Assurance category: High and risk category: high
It is insufficient to cryptographically sign components being distributed and assume they're protected. Instead, the system must be prepared for when, not if, its private keys are compromised. The ability to rotate and revoke private keys must be built into the distribution mechanism. This distribution mechanism must allow users to ensure that they are using a currently trusted set of keys, and not keys that have previously been revoked. This requires a notion of timeliness, similar to the one used by TUF. Additionally, multiple keys must be used, especially for different tasks or roles, and a threshold of keys must be required for important roles. Finally, minimal trust must be placed in high-risk keys like those that are stored online or used in automated roles.
Assurance category: High and risk category: high
An internal image registry should be deployed and configured to support internal artefact distribution with the security properties described in this section. This might be accomplished by distributing metadata using the proposed OCI artefact manifest50.

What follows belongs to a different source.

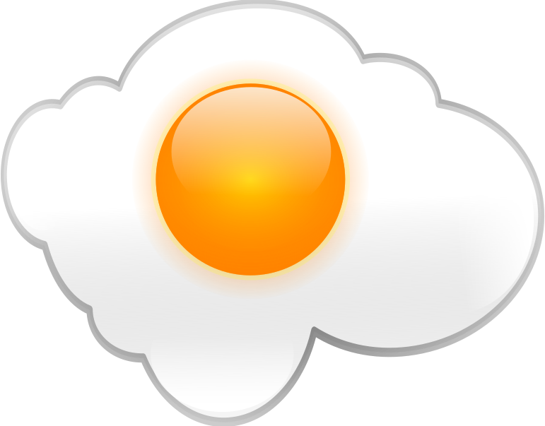 This features a cartoon-like illustration of an egg, with the yolk in the center and the white part surrounding it. The yolk is bright orange, giving the impression that the egg has been cooked sunny side up. The overall design of the egg appears to be a cloud, adding a whimsical touch to the image. This creative representation of an egg can evoke feelings of warmth and comfort, as well as remind viewers of the delicious taste of a perfectly cooked fried egg.

Encrypt artefacts before distribution & ensure only authorized platforms have decryption capabilities
Assurance category: High and risk category: high
The confidentiality of the image and its contents can be protected by encrypting it. This ensures that the contents of the artefact remain confidential in transit and at rest, until it is consumed. These artefacts can be encrypted so that they are accessible by authorized parties, such as the clusters, vulnerability scanners, etc. OCI image encryption is implemented via the ocicrypt library, supported by CNCF projects containerd and cri-o runtimes, as well as build tools such as buildah and skopeo.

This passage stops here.